Konumuz bu beldenin her sene biraz daha kendi olmaktan çıkmasına rağmen kendini özletmesi. Bu da bir aşk türü değil mi?
Alaçatı Ot Festivali’ne “to do list”e eklediğim bir organizasyon olduğundan geldim. Bir daha da gelmeyeceğim. Gördüm bir kere yeter. O fazla kalabalığa bir daha rastlamamak adına Alaçatı’ya seyahatlerimi festivalden farklı zamanlara denk getirmeye özen göstereceğim.
Her geldigimde Alaçatı’da senelerdir aynı yerde kalırım -gittiğim yerlerle bir tanışıklık hissetmeyi seviyorum- nedeni de sahibinin bu yapaylığa ve süregelen değişime inat aynı içten karşılamaları ve samimiyeti. Orada kalmak, bana “iyi ki geldim” dedirtiyor.
Alaçatı’nın biraz daha dışında ama çok da yakınında mis gibi kahvaltısı ile sessizlik içinde güne başlamak iyi geliyor. O anlarda “iyi ki yine geldim Çeşme’ye” diyorum. O güzel kahvaltıdan sonra işte kanlı saatler başlıyor. E hangi beach’e gideceğiz? Çok önemli değil mi? Denize bile girmeyen bir grup insanla eller havaya saatleri başlasın. Bu beach’ler içinde en güzeli Sunset Beach benim için. Nasıl bir günbatımı o? Anlatılmaz yaşanır kesinlikle. Kabul etmeliyim ki ortamı da oldukça güzel ve nezih.
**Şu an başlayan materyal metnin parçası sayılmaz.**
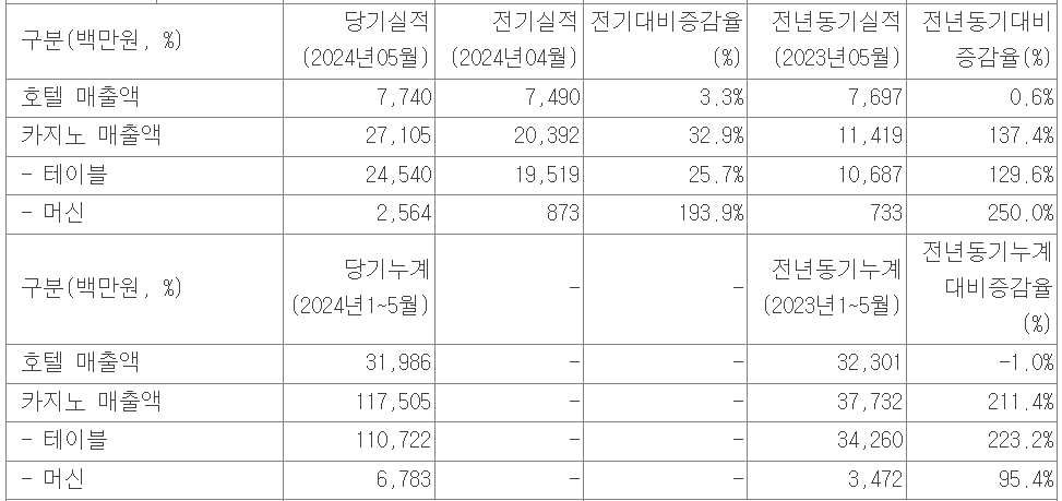 카지노의 실적 견인이 눈부시다. 2024년의 1월 ~ 5월의 호텔 매출액은 작년에 비해 1% 감소했지만 카지노의 매출은 3배 이상으로 성장했다.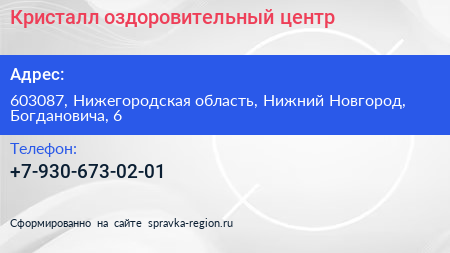 Кристалл, оздоровительный центр по адресу 603087, Нижегородская область, Нижний Новгород, Богдановича, 6 в дальнейшем Организация, размещена в следующих категориях: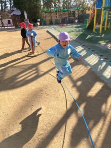 大縄跳びでは「何回跳んだか数えててね!」と言ってくれたり、お友だちや近くにいる子と一緒に縄に入って、大縄跳びをする姿もありました。年少さんは、縄をまたぐ練習として、左右に揺れている縄を跳ぶヘビ跳びをしています😊年長さんが大縄の入り込み跳びに挑戦する姿を見た年少さんが、「入り込みやってみたい!」と年長さんの遊び方に憧れを持つ様子もありました。

Bu sene yeni açılan Limon Alaçatı yemek yemek ve sonrasında geceyi devam ettirmek için iyi bir seçenek. Hem hala Hacımemiş sokakları içinde olup hem de avluda kalması sebebiyle izole olması çok güzel. Bir diğer yeni açılan, sevmediğim Clubbaba adı altındaki restoranı, pahalıca ürünlerle dolu mağazalardan oluşan Hacımemiş Köyü’nün yürüme mesafesinde olsa da, dışında kalan yaşam alanı yüzünden sevmedim İstanbul hissi verdiği için. Sevmedim para tuzağı hissi verdiği için. Biz tatil havasına girdiğimizde buralar çıkarmaya mı çalışıyor acaba?
Neyini sevdin söyle derseniz söylüyorum: Sabahlarını. Kahvaltıdan sonra ben o Hacımemiş sokaklarında yürümeye bayılıyorum. Bu yüzden de bazı şeylere katlanıp yine gideceğim. Bakın şimdiden özledim o sabahları. Bırakın cırcır böceği sesleri eşliğinde başıboş dolaşayım. O saatlerde gerçek insanlar da dışarıda; yaşlısı, genci, esnafı. Günaydınlar havada uçuşuyor, herkes herkesin ahbabı -bu kelime ne yakıştı- kediler bir köşede uykuda, huzur akıyor sokaktan.
Yine bu güzel sabahlardan birinde, yeni açılan Kaf Kafe’de o güzel kahvemi alıp mekanın güzel mi güzel dekoruna bakıp fotoğraflayarak sokaklarıma düşerim. İşte bu zamanlarda yine “iyi ki geldik” derim. Tamam öğlen beach’lerde eğlence, akşam o çok tuzlu restoranlarda yemekler ve sonra barlarda içkiler karışacak seyahatin arasına -bu senaryoda eğlenmiyorum demedim- ve gün bitecek. Sonra yine benim sihirli sabahım bana kür olacak ya, o bana yeter.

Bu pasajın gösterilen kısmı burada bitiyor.